Because Andromeda is the backbone of networking within a datacenter and across availability zones, too, customers running applications spread across different zones within a region should see performance improvements.
So what does Google do for an encore now that it has pushed the latency down in the Andromeda SDN stack to close to bare metal speed? It might, we suggested to Vahdat, borrow a page out of the book of certain HPC networking vendors – we mentioned Mellanox Technologies as the best example – and start offloading certain kinds of processing from the CPU in the servers out to the network interface cards, the switches, or both. This offload approach, along with Remote Direct Memory Access, or RDMA, are the key factors that give InfiniBand such low latencies. (Intel Omni-Path goes the other way, like Google’s Andromeda stack does, and runs virtual networking as an onload to the CPU.)

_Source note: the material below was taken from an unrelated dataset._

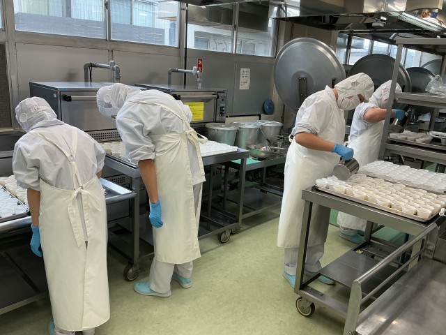 ※写真2枚目がは人気のりんごゼリーを均等に分けているところです。
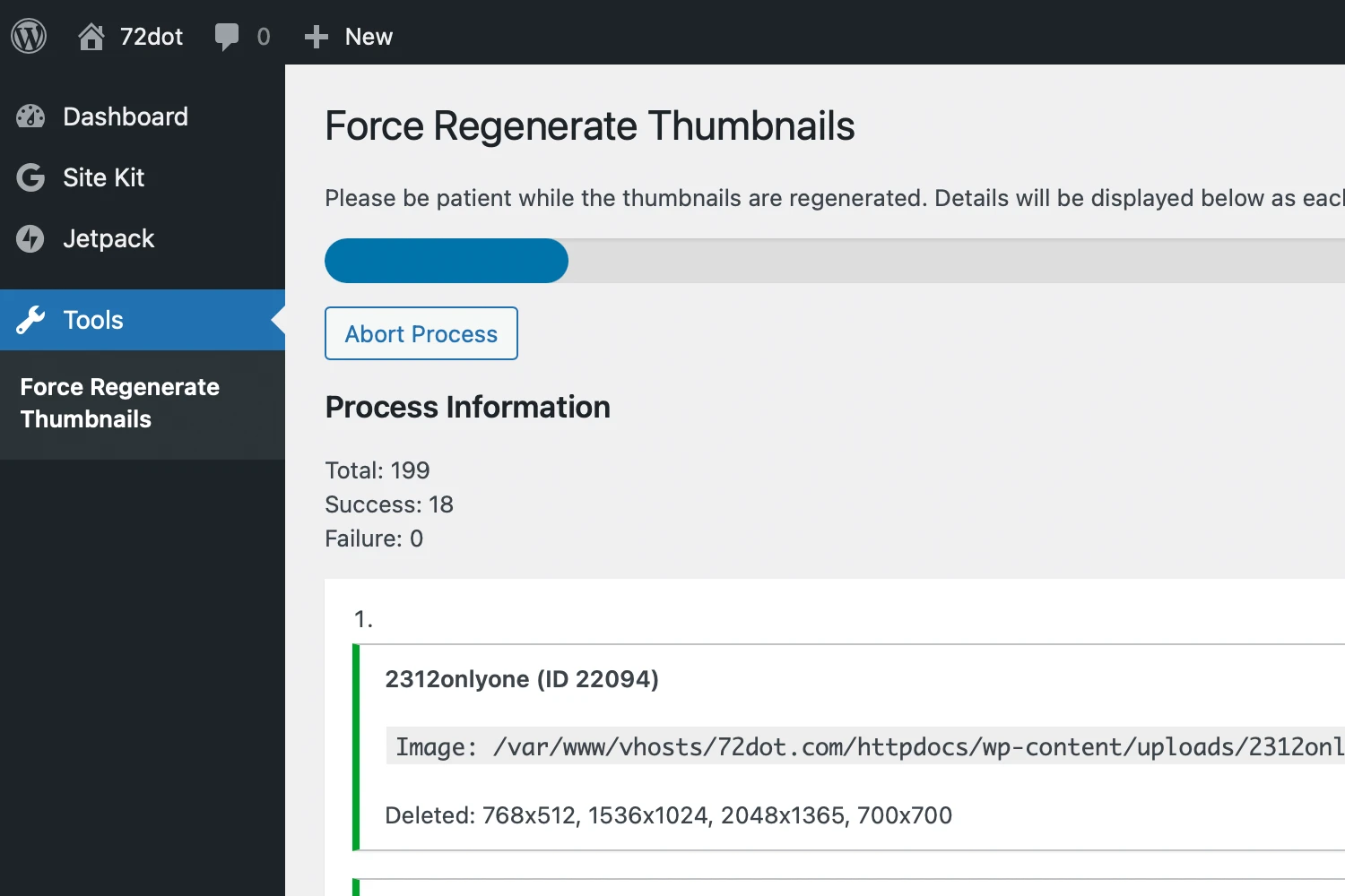 However, since we’ve set WordPress to generate no additional image sizes (__return_empty_array), the plugin will only perform the deletion step — without creating any new images.

Vahdat doesn’t shoot down the idea – at least not entirely.
“That is a really important question,” he says. “Even bare metal – what you would get on the raw hardware and raw software – is not good enough. But there is a lot of overhead in that raw hardware and software that we care about reducing even in the non-virtualized case. Even if we do get it to match, we want to push the baseline down. We do have collective operations, like HPC, but the challenge for offloading is that it is not going to work for all workloads because of the multiprogrammed nature of our environments, in contrast to the relatively dedicated HPC workloads. You still have to maintain some state, and whatever that state is in the hardware, which is going to be managed by queue pairs in the hardware. But that is always going to be a lot less than what we can do in the software. So the question for Google is: how do we leverage that hardware, and still go above the hardware limits that are in place?”
That is the question indeed. And perhaps we will see the answer in a future Andromeda release.